Would it not make sense for an organism to evolve to best fit it's environment.  I hear people say all the time that because earth has all the properties to make life for humans possible, then it must be proof that it was created for us.  But, could you imagine living beings flourishing in an environment that wasn't just right for them?


----------



## TripleXBullies (Jun 20, 2013)

I agree with that statement. Based on that statement we must have evolved to require that amount of sleep. I'd like to hear details on that because I have never heard them.


----------



## TripleXBullies (Jun 20, 2013)

Really?? I challenge your definition of wondering, is, on, and a.

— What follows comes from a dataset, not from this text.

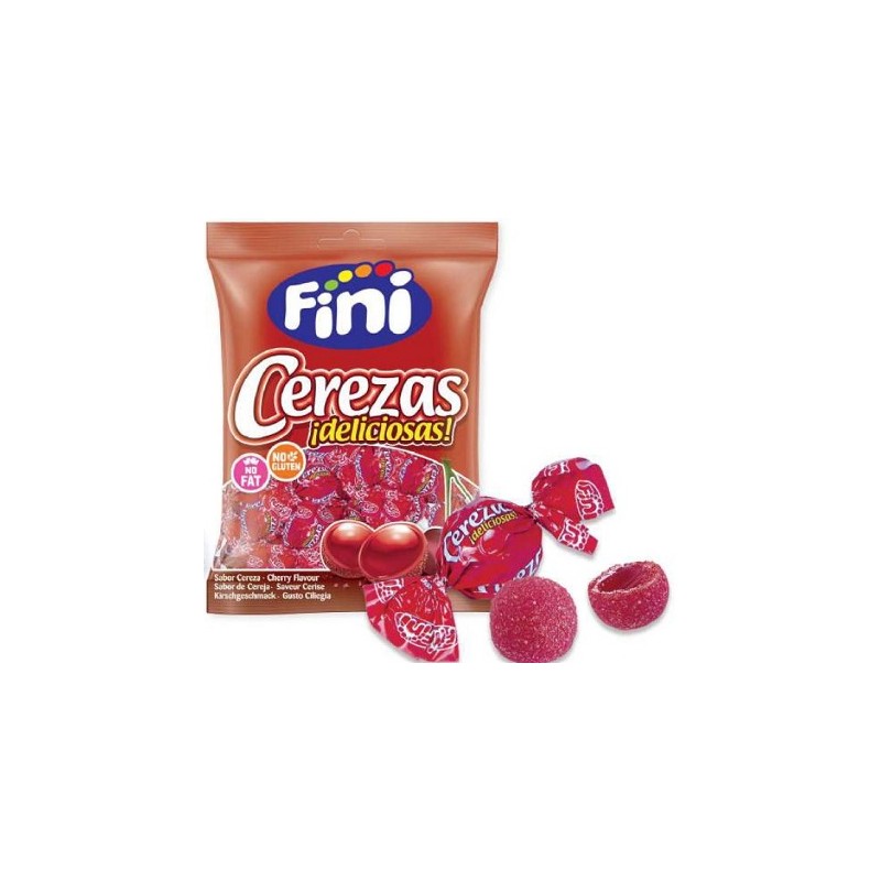 BOLSITAS DE 80 grs. de CEREZAS GRAGEADAS FINI CON INTENSO SABOR, cajas de 12 bolsitas cada bolsa de 80 grs.

require, sleep and habitable are loose enough. Coincidence would mean there is no specific reason.




SemperFiDawg said:


> I'm wondering who is going to be the first to challenge you to define coincidence, require, sleep, and/or habitable.  It's a question I have honestly never given any thought to.  Let me think on it.


----------



## SemperFiDawg (Jun 21, 2013)

TripleXBullies said:


> I agree with that statement. Based on that statement we must have evolved to require that amount of sleep. I'd like to hear details on that because I have never heard them.



Shooting from the hip late on a Friday.  
Well if we evolved (and I certainly don't grant that) and the earliest humans were scavengers/hunter gatherers why didn't we develop a nocturnal circadian rhythm like most scavenger/hunter mammals where we would sleep in the day and hunt/scavenge at night.  What I wouldnt give to have the night vision of an owl.


----------



## drippin' rock (Jun 21, 2013)

SemperFiDawg said:


> Shooting from the hip late on a Friday.
> Well if we evolved (and I certainly don't grant that) and the earliest humans were scavengers/hunter gatherers why didn't we develop a nocturnal circadian rhythm like most scavenger/hunter mammals where we would sleep in the day and hunt/scavenge at night.  What I wouldnt give to have the night vision of an owl.



I think, unlike most popular theories, that we are designed to be more herbivore than carnivore.  Aren't most plant eaters nighttime sleepers?  So much emphasis is placed on the hunter portion of the equation.  I think it should be mostly on the gatherer side.


----------